[PROBLEM STATEMENT]
After finding the line containing "MODELLO KALI PONTE" below, please output that line and each following one through the line containing "Das moderne Badezimmer", exactly as written.

[INPUT DATA]
########

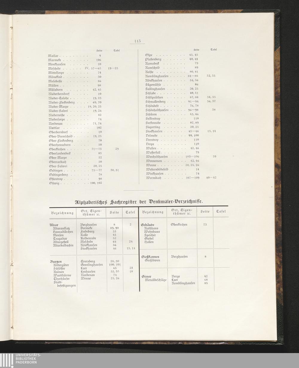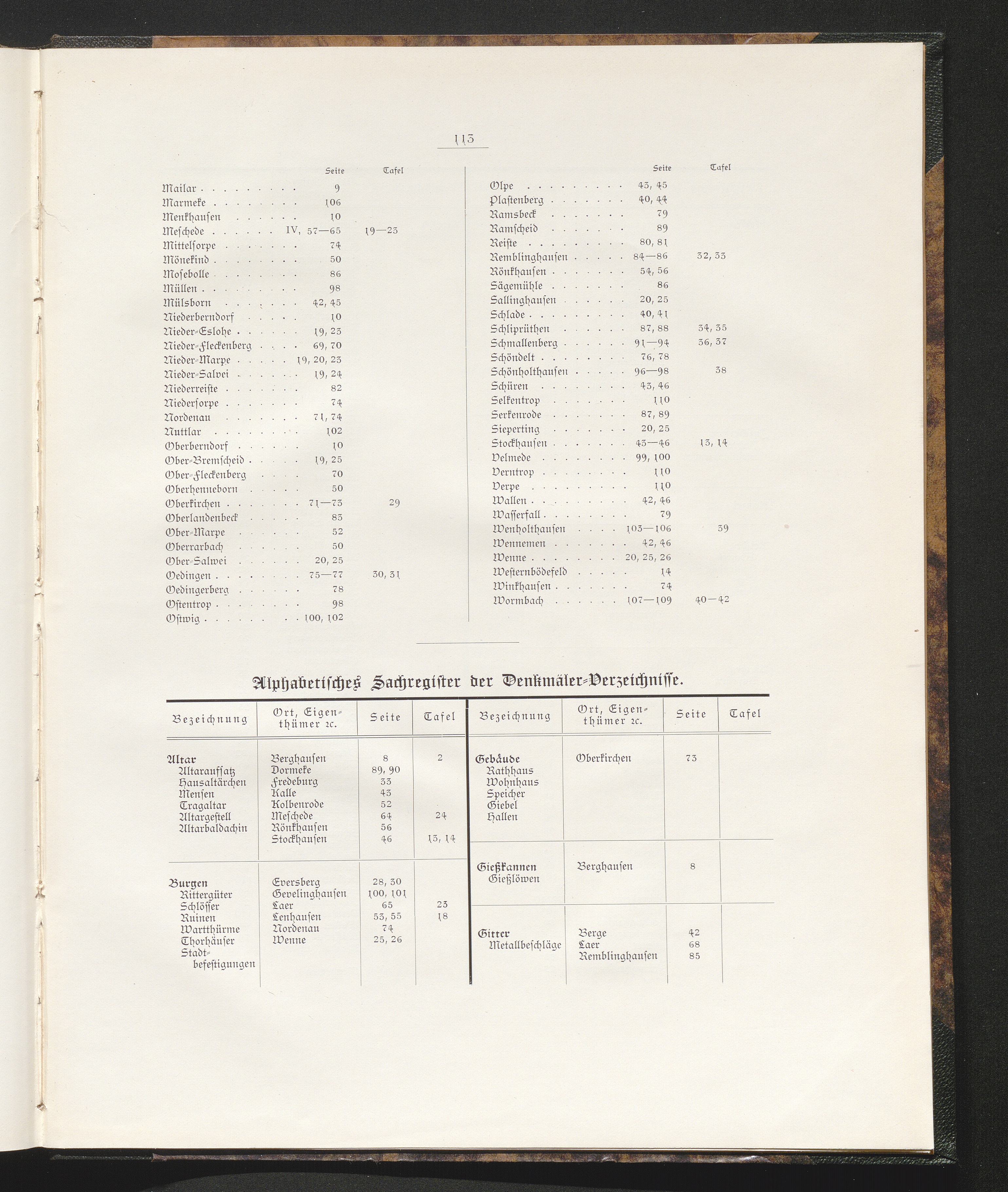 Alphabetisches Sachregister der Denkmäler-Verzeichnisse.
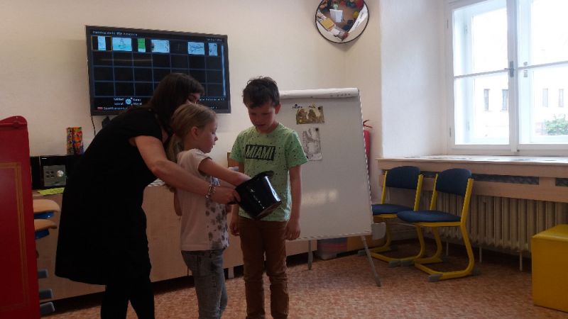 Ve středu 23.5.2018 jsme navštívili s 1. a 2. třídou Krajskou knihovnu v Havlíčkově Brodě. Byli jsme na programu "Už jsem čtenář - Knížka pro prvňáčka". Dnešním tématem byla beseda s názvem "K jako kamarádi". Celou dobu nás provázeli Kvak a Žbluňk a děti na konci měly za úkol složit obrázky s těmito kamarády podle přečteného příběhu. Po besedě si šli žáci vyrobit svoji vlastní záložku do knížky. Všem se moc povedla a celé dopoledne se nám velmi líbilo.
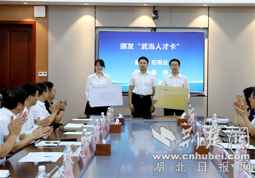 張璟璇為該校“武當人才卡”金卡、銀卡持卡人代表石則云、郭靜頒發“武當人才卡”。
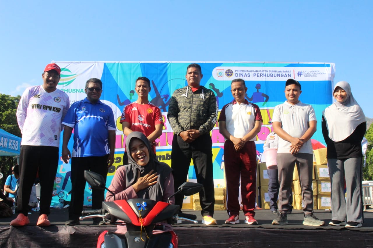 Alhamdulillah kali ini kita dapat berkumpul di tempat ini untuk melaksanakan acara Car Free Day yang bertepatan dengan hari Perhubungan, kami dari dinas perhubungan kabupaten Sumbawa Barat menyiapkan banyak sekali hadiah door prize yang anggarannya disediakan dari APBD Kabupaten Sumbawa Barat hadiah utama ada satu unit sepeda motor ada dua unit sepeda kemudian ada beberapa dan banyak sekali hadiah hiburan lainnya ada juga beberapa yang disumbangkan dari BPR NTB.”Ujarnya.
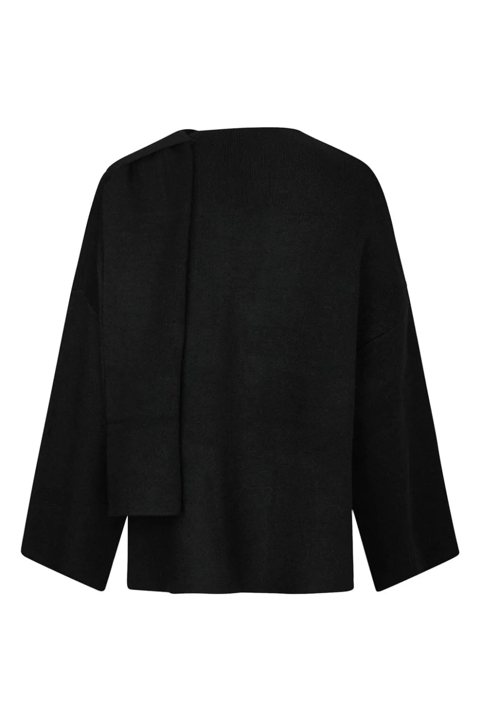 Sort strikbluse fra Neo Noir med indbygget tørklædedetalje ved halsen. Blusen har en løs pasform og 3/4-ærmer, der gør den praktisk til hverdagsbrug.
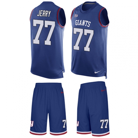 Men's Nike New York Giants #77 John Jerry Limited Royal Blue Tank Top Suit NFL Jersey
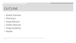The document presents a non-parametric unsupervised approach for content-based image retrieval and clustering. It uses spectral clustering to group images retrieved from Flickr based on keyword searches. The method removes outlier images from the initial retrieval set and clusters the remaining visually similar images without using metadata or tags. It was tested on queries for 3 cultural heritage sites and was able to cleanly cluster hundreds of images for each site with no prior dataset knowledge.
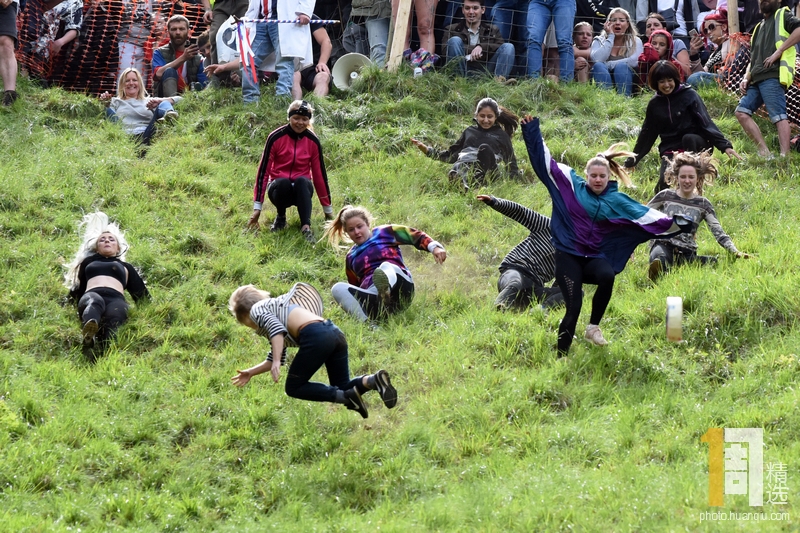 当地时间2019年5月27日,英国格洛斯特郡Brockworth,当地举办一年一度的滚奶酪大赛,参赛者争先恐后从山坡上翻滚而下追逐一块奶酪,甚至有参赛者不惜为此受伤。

########

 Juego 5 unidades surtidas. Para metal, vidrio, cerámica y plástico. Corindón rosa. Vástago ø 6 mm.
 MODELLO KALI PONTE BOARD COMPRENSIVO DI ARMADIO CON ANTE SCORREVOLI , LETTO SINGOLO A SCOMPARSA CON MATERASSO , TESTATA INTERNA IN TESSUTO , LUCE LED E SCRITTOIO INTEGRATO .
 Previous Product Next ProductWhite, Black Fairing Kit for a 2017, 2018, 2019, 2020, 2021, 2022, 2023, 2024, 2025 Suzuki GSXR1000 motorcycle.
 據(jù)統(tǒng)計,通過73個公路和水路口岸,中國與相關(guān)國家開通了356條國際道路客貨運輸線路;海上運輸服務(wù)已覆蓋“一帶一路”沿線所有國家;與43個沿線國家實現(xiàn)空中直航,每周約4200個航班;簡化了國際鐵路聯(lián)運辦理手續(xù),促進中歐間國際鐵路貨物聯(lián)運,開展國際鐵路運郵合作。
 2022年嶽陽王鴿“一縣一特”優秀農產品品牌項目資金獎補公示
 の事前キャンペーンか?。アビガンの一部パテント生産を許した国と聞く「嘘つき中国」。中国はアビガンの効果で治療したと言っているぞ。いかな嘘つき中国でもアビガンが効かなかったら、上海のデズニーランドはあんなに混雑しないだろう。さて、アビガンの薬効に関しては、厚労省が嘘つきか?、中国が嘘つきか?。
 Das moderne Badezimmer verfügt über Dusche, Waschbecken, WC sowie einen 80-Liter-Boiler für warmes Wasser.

########

[REPLY]
 MODELLO KALI PONTE BOARD COMPRENSIVO DI ARMADIO CON ANTE SCORREVOLI , LETTO SINGOLO A SCOMPARSA CON MATERASSO , TESTATA INTERNA IN TESSUTO , LUCE LED E SCRITTOIO INTEGRATO .
 Previous Product Next ProductWhite, Black Fairing Kit for a 2017, 2018, 2019, 2020, 2021, 2022, 2023, 2024, 2025 Suzuki GSXR1000 motorcycle.
 據(jù)統(tǒng)計,通過73個公路和水路口岸,中國與相關(guān)國家開通了356條國際道路客貨運輸線路;海上運輸服務(wù)已覆蓋“一帶一路”沿線所有國家;與43個沿線國家實現(xiàn)空中直航,每周約4200個航班;簡化了國際鐵路聯(lián)運辦理手續(xù),促進中歐間國際鐵路貨物聯(lián)運,開展國際鐵路運郵合作。
 2022年嶽陽王鴿“一縣一特”優秀農產品品牌項目資金獎補公示
 の事前キャンペーンか?。アビガンの一部パテント生産を許した国と聞く「嘘つき中国」。中国はアビガンの効果で治療したと言っているぞ。いかな嘘つき中国でもアビガンが効かなかったら、上海のデズニーランドはあんなに混雑しないだろう。さて、アビガンの薬効に関しては、厚労省が嘘つきか?、中国が嘘つきか?。
 Das moderne Badezimmer verfügt über Dusche, Waschbecken, WC sowie einen 80-Liter-Boiler für warmes Wasser.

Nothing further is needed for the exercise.